With the trolleybots now unloading every Volvo it took them a quarter of an hour to open every crate. Paula didn’t help. She was left sitting on the cab steps of the third truck with a blanket around her shoulders as the others took the lids off. In total, four crates had been sabotaged, all with a maser.

“They were good when we left Wessex,” Jamas insisted. “I know they were, I helped pack them.” He was glaring at Wilson and Oscar.

“Do we still have enough systems to make the planet’s revenge project work?” Wilson asked.

“I’m not sure,” Adam said. “Kieran, what do you think?”

“Dreaming heavens, I don’t know. I think it will work anyway, that’s what Bradley was saying; what we’re delivering makes it more efficient.”

“It increases the probability of success,” Wilson said.

“So this has just taken it down a notch, again,” Rosamund said.

“It’s one of us,” Kieran said fiercely. “One of you navy people.”

“Whoa there,” Adam said quickly. “It could have been anybody in our group.”

“You heard Jamas, the components were all fine when we packed them up.”

“If Jamas isn’t the one,” Anna said.

Jamas took a pace toward her. “Are you accusing me?”

“Stop it!” Adam gave them an exasperated look. “This only helps the Starflyer. We don’t know it’s one of the people here.” He gave Jamas a hard stare. “Back off. It could have been any one of us who traveled together, including you, me, and even Johansson.”

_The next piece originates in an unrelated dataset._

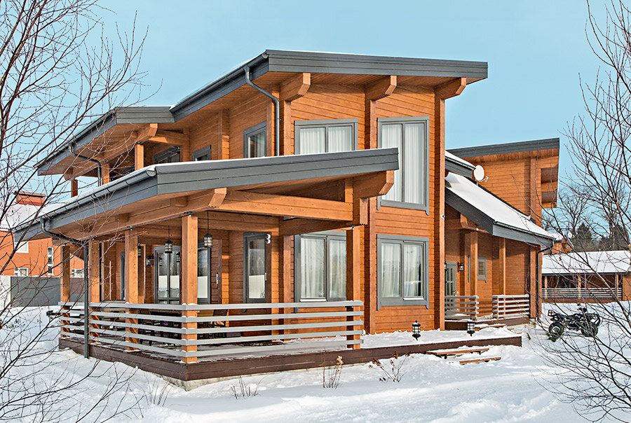 Дом из клееного бруса с современной лаконичной архитектурой возведен по индивидуальному проекту в составе усадебного комплекса на просторном участке неподалеку от подмосковной Истры. Кроме него на территории построены отдельно стоящее здание бани, гараж, мастерская — все, что нужно для полноценного активного образа жизни. Заказчик хотел, чтобы дом был нестандартным, непохожим на традиционные строения из дерева, но в то же время максимально удобным и функциональным. Эти пожелания и легли в основу архитектурной концепции. Постройка представляет собой композицию из нескольких архитектурных объемов, соединенных друг с другом под разными углами. В ее центральной части на первом этаже находятся входной блок, просторный лестничный холл и кухня-столовая, на втором уровне — библиотека. Одно крыло дома занимает двусветная гостиная с камином, из которой можно выйти на большую крытую террасу с садовой мебелью. Над ней расположен кабинет с выходом на балкон. Второе крыло дома — ж

“Hey!” Jamas protested. “No fucking way is it Johansson.”

“Enough of this. We don’t know, and we’ll probably never find out until it’s all over anyway,” Adam said. “We got lucky seeing the crate was opened. From now on we just have to watch each other. That does not automatically mean that anyone here is guilty. Clear?” He stared down the Guardians, waiting until each one acknowledged his authority. It was done grudgingly, and with several sharp glances toward the navy people, but eventually they all nodded except for Jamas, who flung his hands in the air to admit defeat. “Thank you,” Adam said primly. “Wilson, from now on none of your team goes or does anything solo; that goes for us Guardians, too. Everything from this point is a joint venture, and that includes going to the can.”

“Good thinking,” Wilson said.

“I want the crates sealed back up again and back on the trucks. We will make our rendezvous, and the components we deliver will make a difference. Get to it.”

“A word,” Oscar said quietly as the others returned to the crates.

“What is it?” Adam asked. It was almost rhetorical, he could guess.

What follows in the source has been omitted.